La Realidad Fiscal: dónde está la clave para no equivocarte
La lección principal de esta trifecta fiscal es que comprar una casa en España desde Dubái no es, ni mucho menos, una operación libre de impuestos, pero tampoco tiene por qué convertirse en un quebradero de cabeza si tomas las precauciones adecuadas. El IRNR es un coste anual gestionable si lo presupuestas desde el primer día. El Impuesto sobre el Patrimonio solo aparece cuando la inversión alcanza un volumen considerable —y aún así, las bonificaciones autonómicas pueden mitigarlo en zonas como Andalucía—. La verdadera amenaza oculta es la residencia fiscal mal determinada: quien cree ser no residente pero sigue atado a España por sus vínculos económicos y temporales se arriesga a que Hacienda reclame años atrás el IRPF por toda su renta mundial, más intereses y sanciones, y a que el Modelo 720 aflore como prueba de una situación que nunca debió ocultar.
El convenio de doble imposición España‑UAE es un aliado que impide que una misma renta tribute dos veces, pero no te convierte en no residente automáticamente ni te otorga una exención por comprar vivienda en España. Para cualquier expatriado, el paso previo a firmar la escritura debería ser revisar con un asesor especializado tu verdadero estatus fiscal, confirmar que has cursado correctamente la baja censal en España si procede, y calcular qué obligaciones vas a asumir como propietario no residente. Hacerlo a tiempo te ahorrará disgustos y dinero.
Lo que debes saber
- Umbral o cifra clave: El IRNR se liquida aplicando un porcentaje del 1,1 % o 2 % al valor catastral (según año de revisión) y un tipo del 24 % para no residentes no comunitarios. El Impuesto sobre el Patrimonio aplica solo si el valor neto de los bienes en España supera 700.000 €.

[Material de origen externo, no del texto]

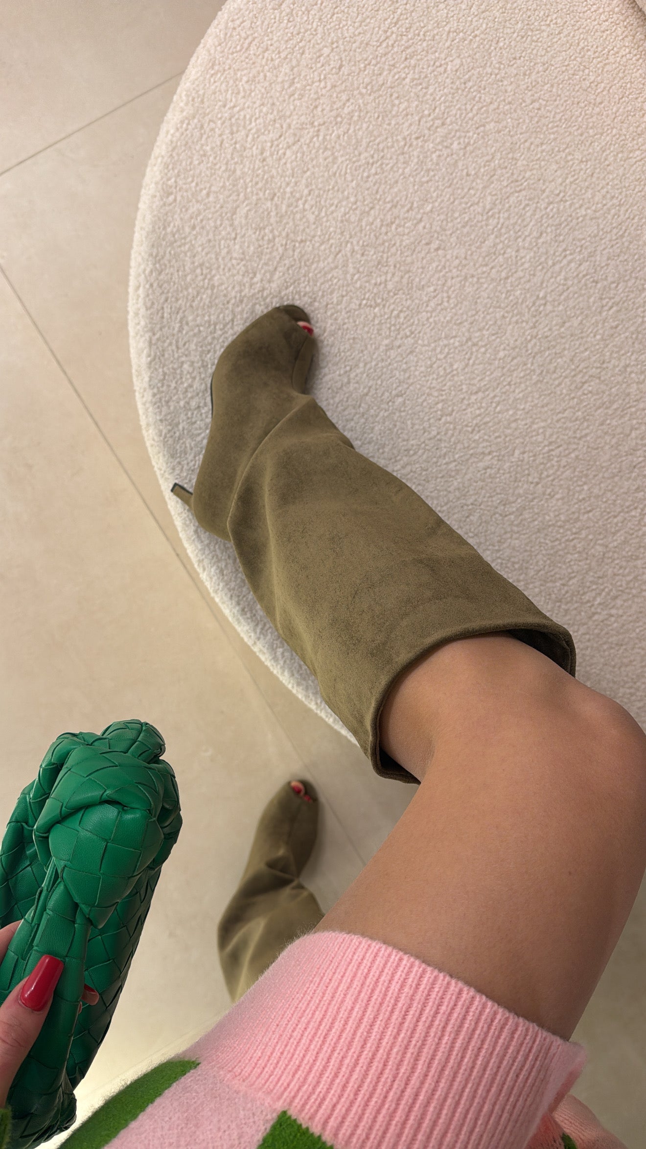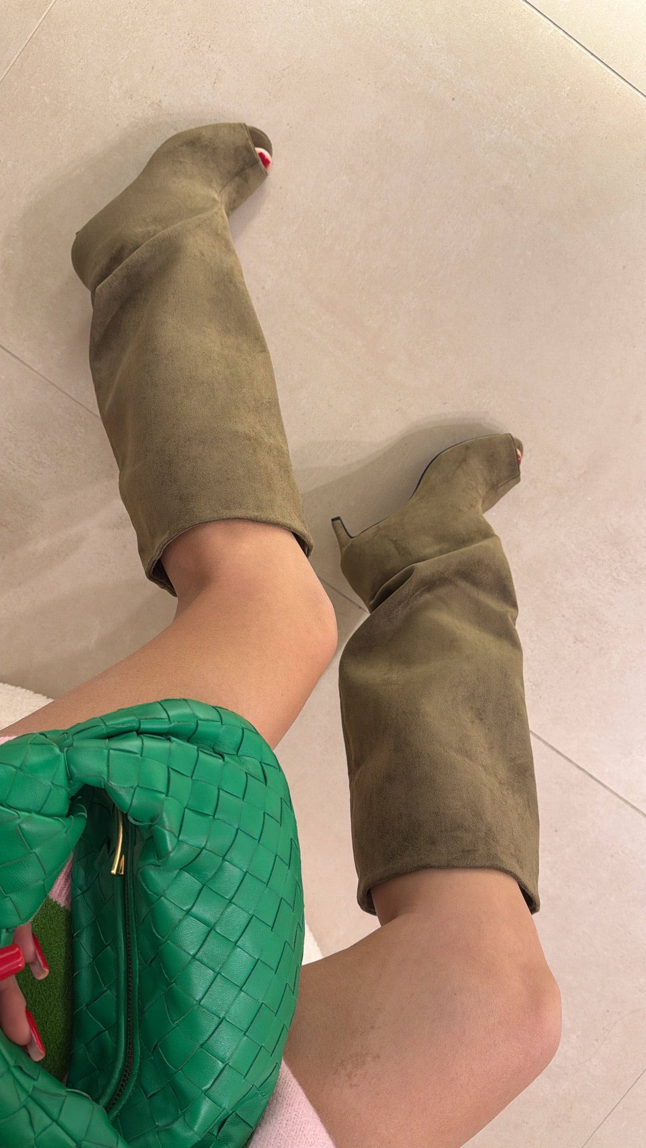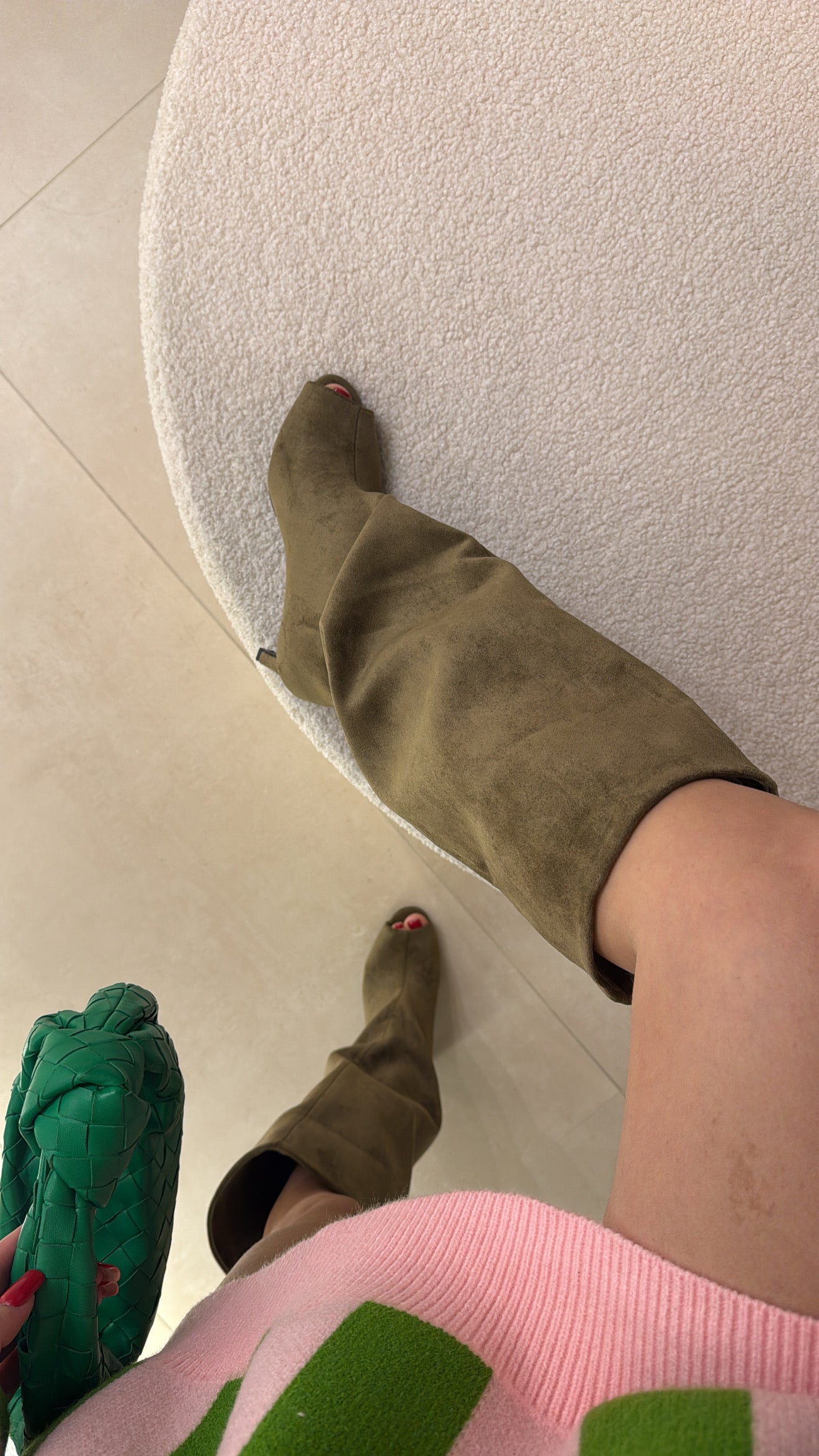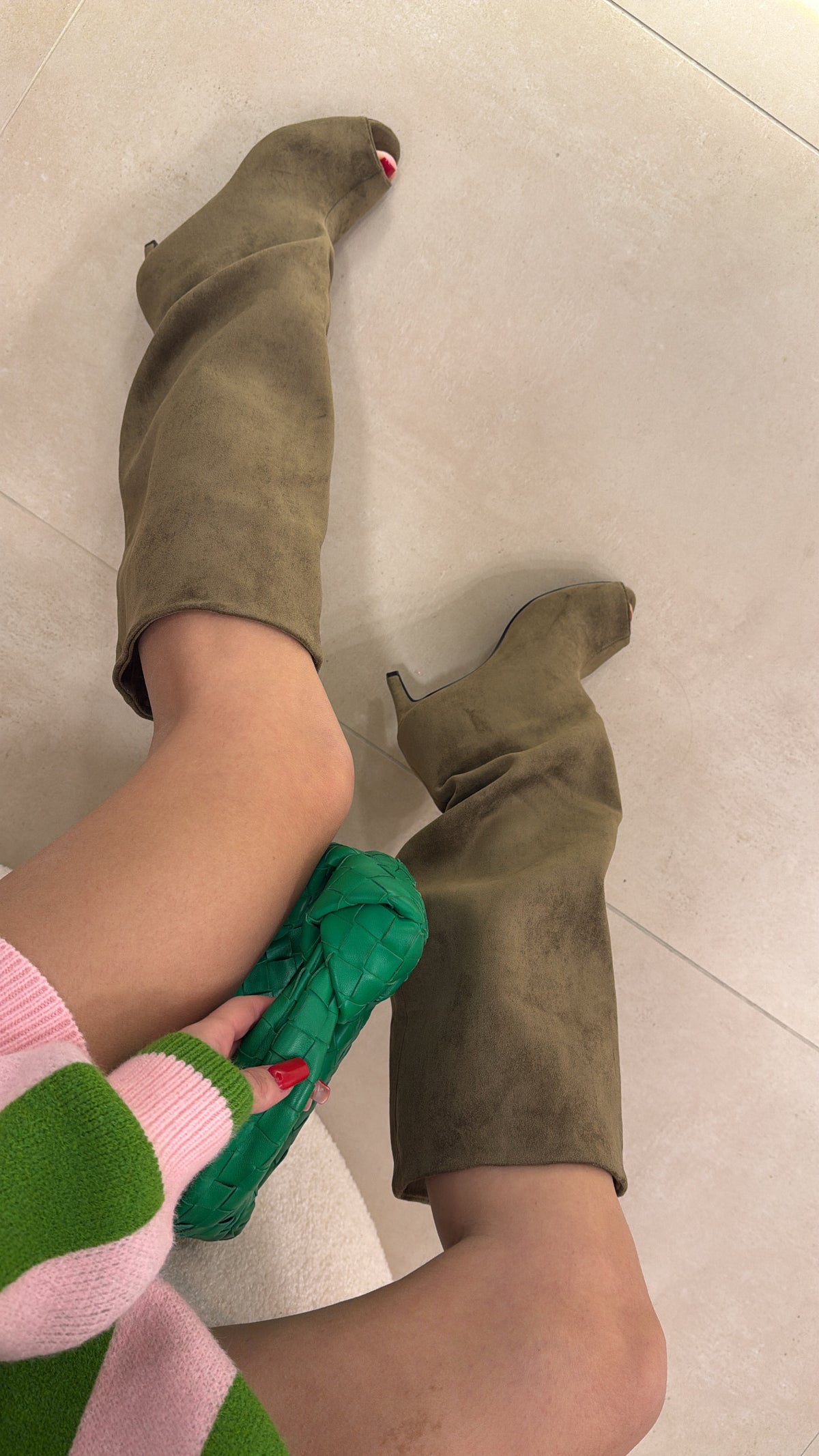 Stivali in ecocamoscio con apertura sul davanti. Tacco 7 cm. Dettaglio gambale arricciato. Calzata facile e regolare. Modello a punta rotonda.

- Plazo o fecha límite: La declaración del IRNR y del Impuesto sobre el Patrimonio de cada año debe presentarse antes del 31 de diciembre del año siguiente (ejemplo: la del año 2026, antes de finalizar 2027).
- Organismo competente: Agencia Estatal de Administración Tributaria (AEAT). Los modelos son el 210 (IRNR) y el 714 (Patrimonio no residentes).
- Advertencia principal: El error más habitual es asumir que por vivir en Dubái se ha perdido la residencia fiscal española, sin verificar los vínculos reales con España; esto puede desencadenar sanciones graves, intereses y obligaciones retroactivas con el Modelo 720.
Este artículo tiene carácter informativo. Para tu situación concreta consulta siempre con un asesor fiscal especializado en expatriados.